Although suffering from a relationship which was at times strained, Beckford and Wyatt engaged in the construction of the abbey. It is clear, however, that Beckford, due to Wyatt's constant absences from the site, and because of the intense personal interest he had in the enterprise, often took on the roles of construction site supervisor, general organiser, and patron, as well as client. Indeed, his biographers and his correspondence indicate that, during Wyatt's prolonged absences, he took it upon himself to direct the construction of the Abbey, as well as leading the landscaping efforts on his estate.



Furthermore, the evidence suggests that not only was he happy to undertake all of those duties but must even have lived some of the brightest moments of his adult life managing the gigantic efforts at Fonthill. This is not to say that Wyatt's role in the construction was by any means less than Beckford's. Wyatt had not only designed the building (based on Beckford's ideas), but was ultimately a master at combining the different volumes and scales. By combining different architectural styles and elements, Wyatt achieved a faux effect of layered historical development in the building.
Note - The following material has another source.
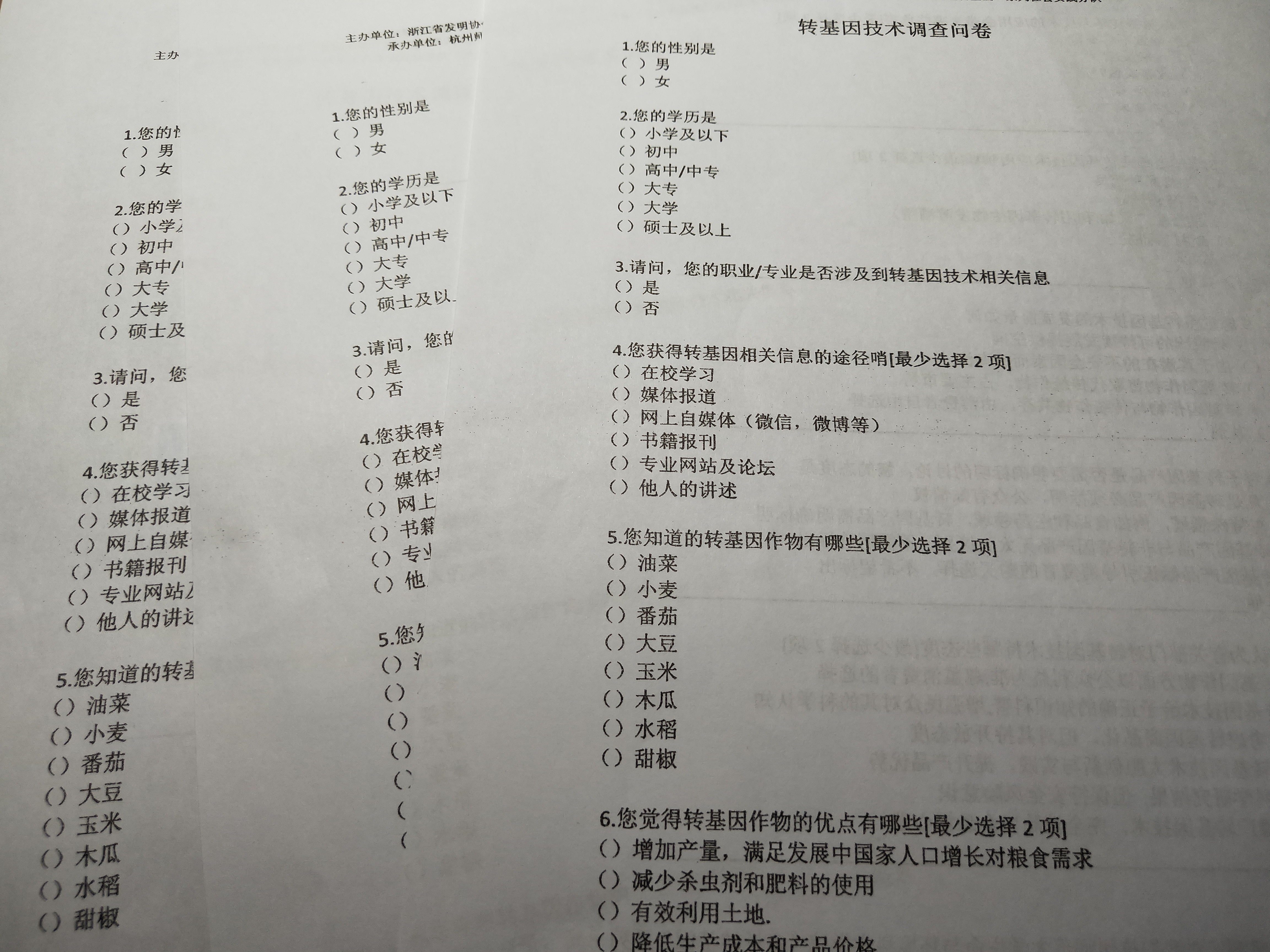 生命与环境科学学院 “走近转基因”调研小分队 纸质问卷成稿

Beckford's 500 labourers worked in day and night shifts. He bribed 450 more from the building of the new royal apartments at Windsor Castle by increasing an ale ration to speed things up. He also commandeered all the local wagons for transportation of building materials. To compensate, Beckford delivered free coal and blankets to the poor in cold weather.



Once he stipulated that he would eat a Christmas dinner only if it were served from the new abbey kitchens, and told his workmen to hurry. The kitchens collapsed as soon as the meal was over.



The abbey part was decorated in silver, gold, red and purple. Four long wings radiated from the octagonal central room. Its front doors were 35 feet (11 m) tall.




Glass painter Francis Eginton created many pieces for the building, including thirty-two figures of kings, knights and many windows, for which Beckford paid him £12,000.







The first part to be built was the tower, which reached about 90 metres (300 ft) before it collapsed. The new tower was finished six years later, again 90 metres tall. It collapsed as well. Beckford immediately started to build another one, this time with stone, and this work was finished in seven years. It was declared finished in 1813.



Beckford lived in Fonthill Abbey until 1822 when he lost all of his income. He was forced to sell it and its contents for £330,000 (equivalent to £30,290,000 in 2019) to arms dealer John Farquhar. Beckford's obsessive haste in erecting the grandiose building, coupled with his wish to achieve heights in the tower which were structurally unsound, and his utilising for this a method of building called "compo-cement" by Wyatt, which consisted of timber stuccoed with cement, led to the eventual collapse of the tower — damaging the western wing of the building too — in 1825. By this time, Beckford had already sold the building. He died in 1844 in Bath.


Remains of Fonthill Abbey – Lancaster Tower and attached ranges, partly rebuilt

The rest of the abbey was demolished c. 1845. Only a small two-storey remnant of the north wing, with a four-storey tower, still stands; this fragment was designated as Grade II* listed in 1966. Stone from the site, including windows and carvings, was used in the construction of buildings in nearby Tisbury.





 


This folly caught my imagination, the silver, gold, red and purple interiors, the kitchen collapsing straight after the last bite of Christmas pudding, it was English eccentricity at its finest. It was such a wonderfully bizarre little slice of history that, while its creator and the origins of his fortune comes from a dark part of history, I thought I should share with you. I hope it's interiors has caught your imagination. I also hope that you have learned the important lesson from the building of Beckford's folly. Have patience and hire a sober architect.